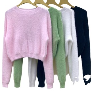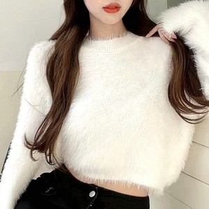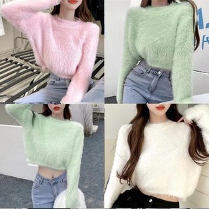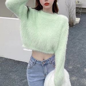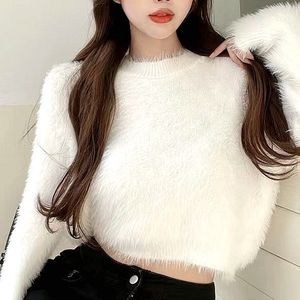 デザイン感が小さい人たちはミンクのベルベットの柔らかいモチモチのセーターの女性の秋冬の優しい風の短い長袖のニットの上着の潮をまねます。
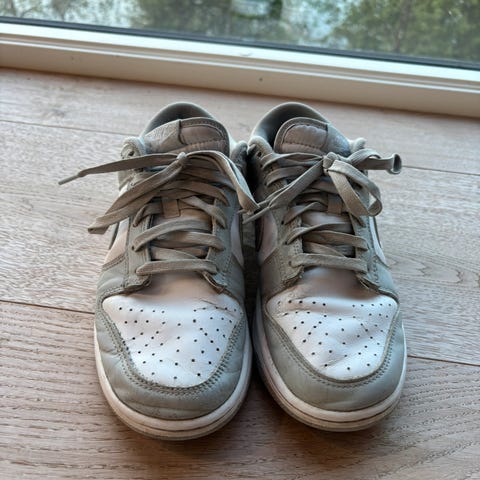 Selger et par helt nye Nike Dunk Low i en stilig grønn og beige fargekombinasjon med oransje lisser. Skoene er ubrukt og i perfekt stand. Komfortable og moderne sneakers, perfekte til både hverdagsbruk og samling.
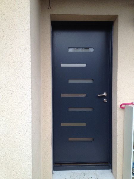 Porte d’entrée en aluminium extérieur et bois intérieur en essonne

------------------------

What is being asked: Print only the lines running from the one containing "Selger et par" to the end of the data above, exactly; include no pictures.

Answer space:
 Selger et par helt nye Nike Dunk Low i en stilig grønn og beige fargekombinasjon med oransje lisser. Skoene er ubrukt og i perfekt stand. Komfortable og moderne sneakers, perfekte til både hverdagsbruk og samling.
 Porte d’entrée en aluminium extérieur et bois intérieur en essonne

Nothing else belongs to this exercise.